◆ **Exercise brief**
Find the line with "趙煒明一行先后到附屬第一醫(yī)院門診" in the entries below, then output every line from it down to the line with "Стильная угловая кухня", exactly and with no pictures.

◆ **Record set**
- Opening Delimiter -

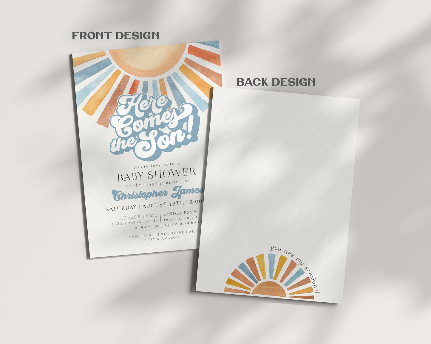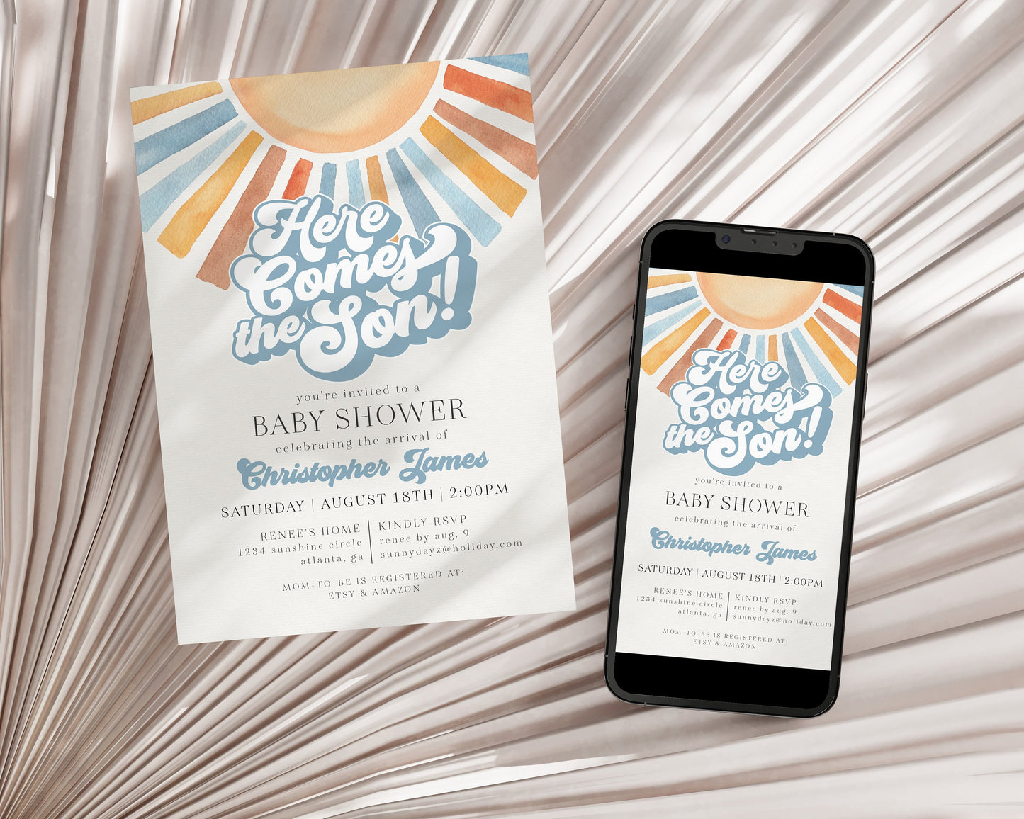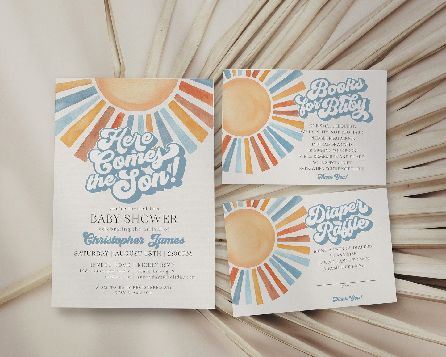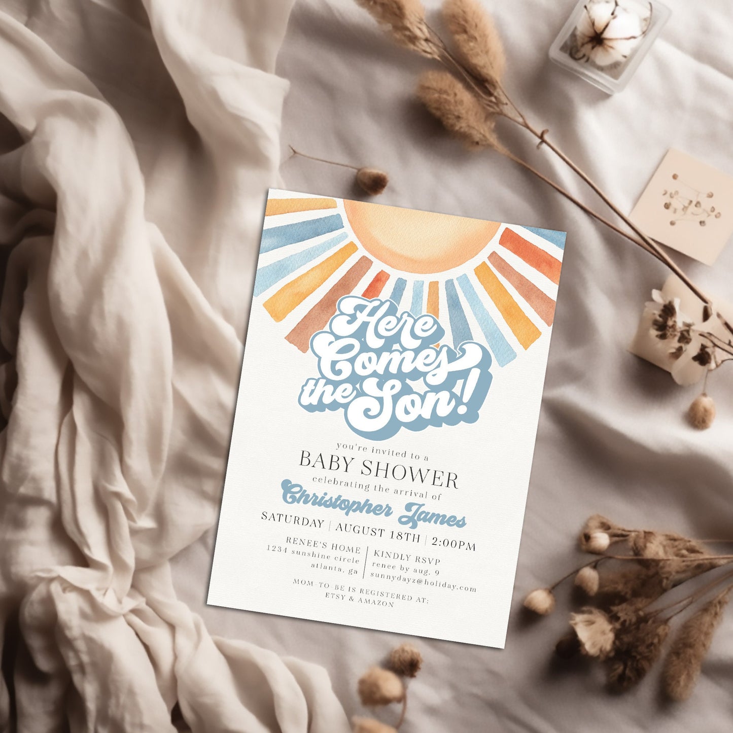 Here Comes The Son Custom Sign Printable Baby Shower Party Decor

- Closing Delimiter -
- Opening Delimiter -

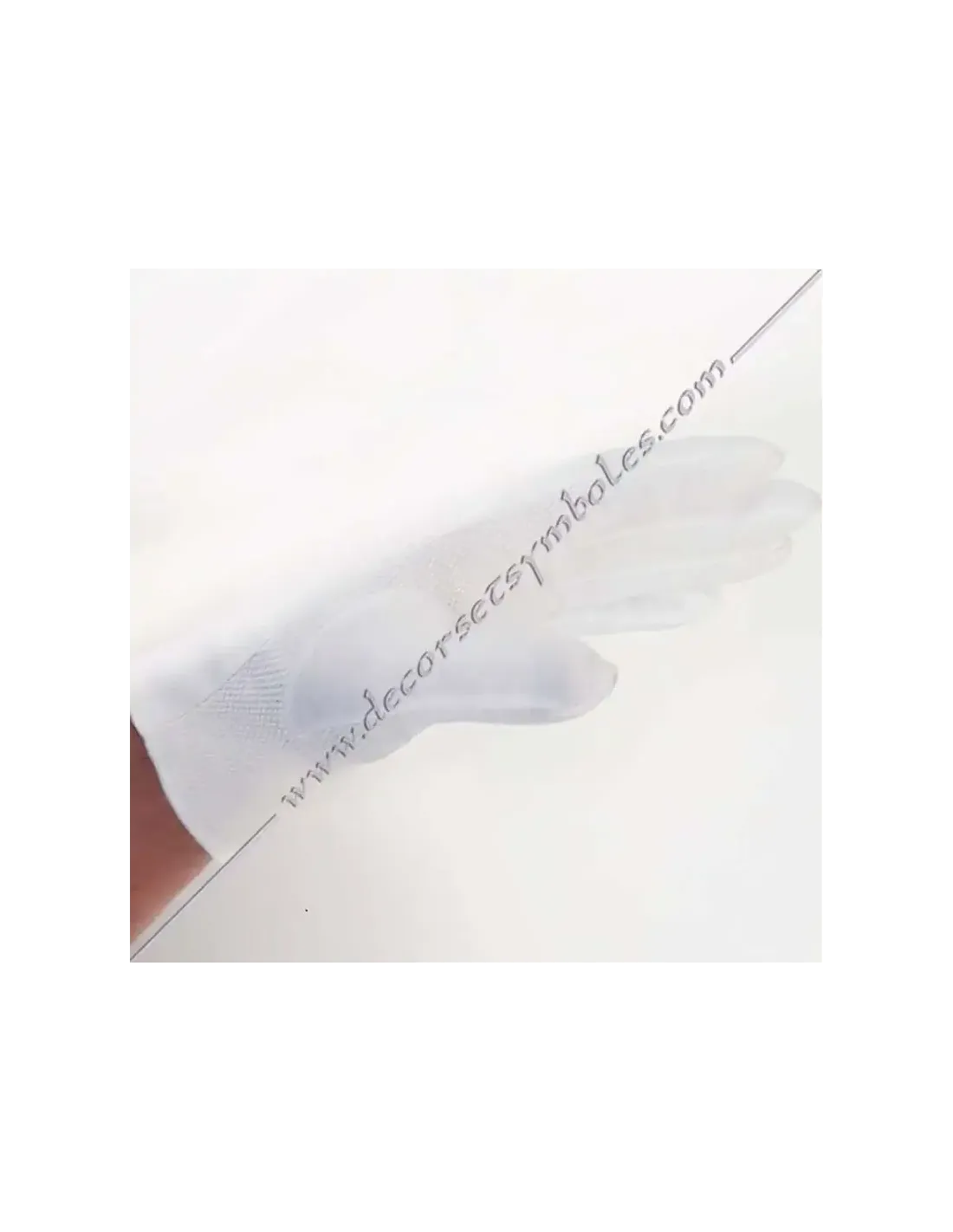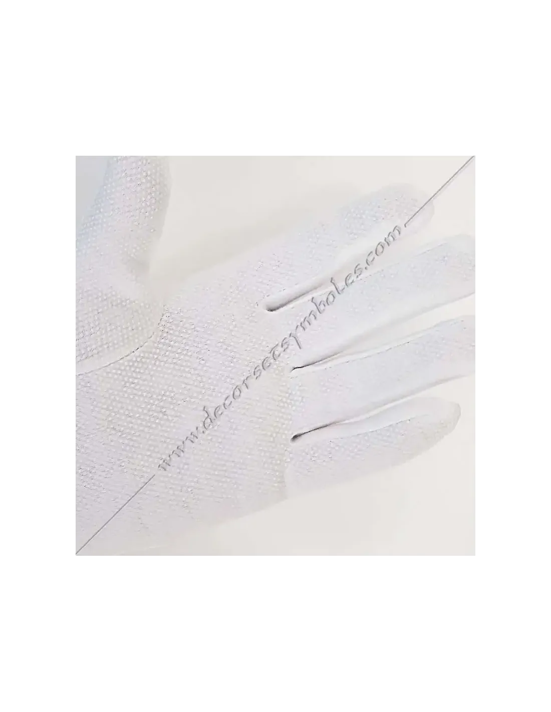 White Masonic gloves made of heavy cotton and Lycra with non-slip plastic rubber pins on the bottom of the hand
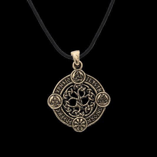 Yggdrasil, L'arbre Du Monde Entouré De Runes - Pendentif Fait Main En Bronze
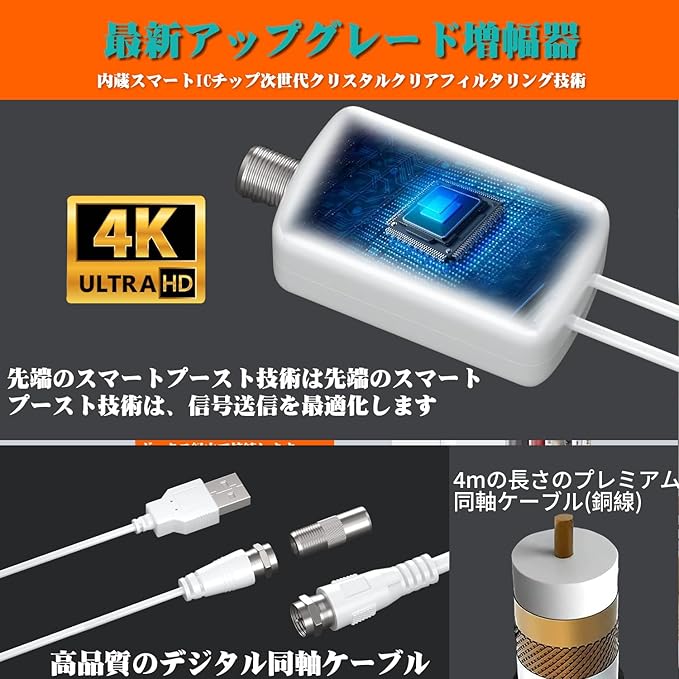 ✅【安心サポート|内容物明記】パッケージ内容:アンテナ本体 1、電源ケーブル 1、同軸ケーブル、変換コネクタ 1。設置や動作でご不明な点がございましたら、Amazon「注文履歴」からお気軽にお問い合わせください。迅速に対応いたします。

- Closing Delimiter -
- Opening Delimiter -

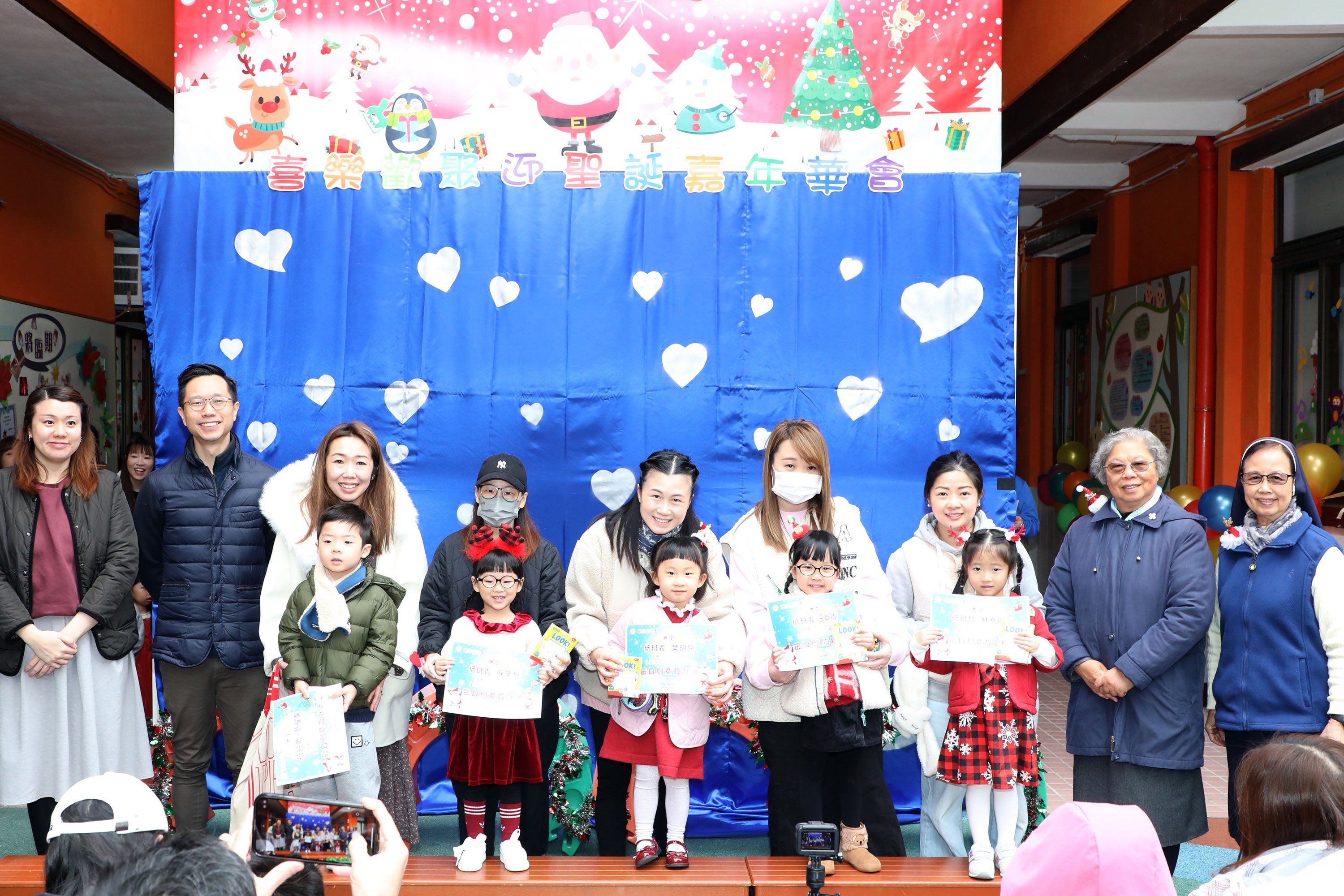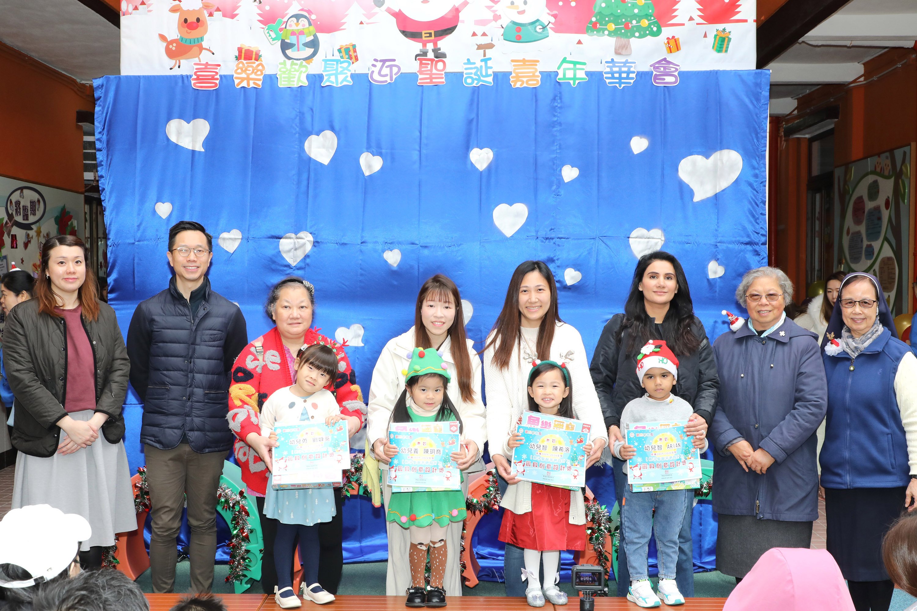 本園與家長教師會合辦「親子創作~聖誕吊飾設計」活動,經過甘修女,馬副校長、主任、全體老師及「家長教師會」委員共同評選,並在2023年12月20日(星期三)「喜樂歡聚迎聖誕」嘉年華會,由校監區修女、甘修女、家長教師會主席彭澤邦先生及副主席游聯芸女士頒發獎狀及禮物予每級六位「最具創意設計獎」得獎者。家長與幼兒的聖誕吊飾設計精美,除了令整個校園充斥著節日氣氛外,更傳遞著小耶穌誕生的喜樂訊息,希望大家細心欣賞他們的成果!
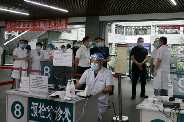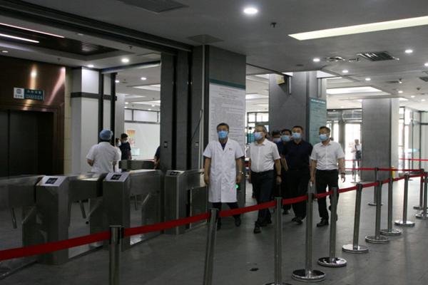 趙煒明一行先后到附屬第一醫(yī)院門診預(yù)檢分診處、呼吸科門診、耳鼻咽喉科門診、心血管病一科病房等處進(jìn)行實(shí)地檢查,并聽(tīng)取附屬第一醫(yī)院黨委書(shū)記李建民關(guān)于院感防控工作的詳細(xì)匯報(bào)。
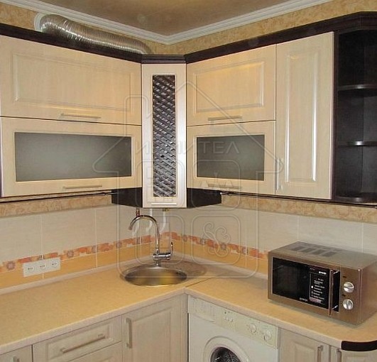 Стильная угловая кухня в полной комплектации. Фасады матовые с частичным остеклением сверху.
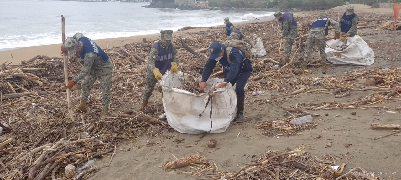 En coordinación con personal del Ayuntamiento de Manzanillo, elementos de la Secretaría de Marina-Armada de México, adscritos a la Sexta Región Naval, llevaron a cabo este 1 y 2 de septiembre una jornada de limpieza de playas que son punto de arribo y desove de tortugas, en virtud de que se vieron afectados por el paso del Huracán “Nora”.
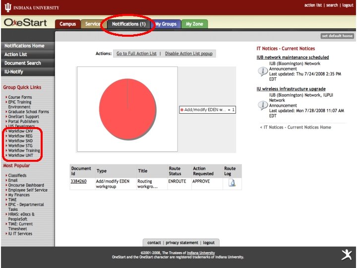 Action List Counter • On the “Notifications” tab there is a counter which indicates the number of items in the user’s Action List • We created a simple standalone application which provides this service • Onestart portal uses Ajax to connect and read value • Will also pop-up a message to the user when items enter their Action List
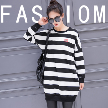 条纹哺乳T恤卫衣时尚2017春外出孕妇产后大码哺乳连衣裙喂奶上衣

- Closing Delimiter -

◆ **Answer section**
 趙煒明一行先后到附屬第一醫(yī)院門診預(yù)檢分診處、呼吸科門診、耳鼻咽喉科門診、心血管病一科病房等處進(jìn)行實(shí)地檢查,并聽(tīng)取附屬第一醫(yī)院黨委書(shū)記李建民關(guān)于院感防控工作的詳細(xì)匯報(bào)。
 Стильная угловая кухня в полной комплектации. Фасады матовые с частичным остеклением сверху.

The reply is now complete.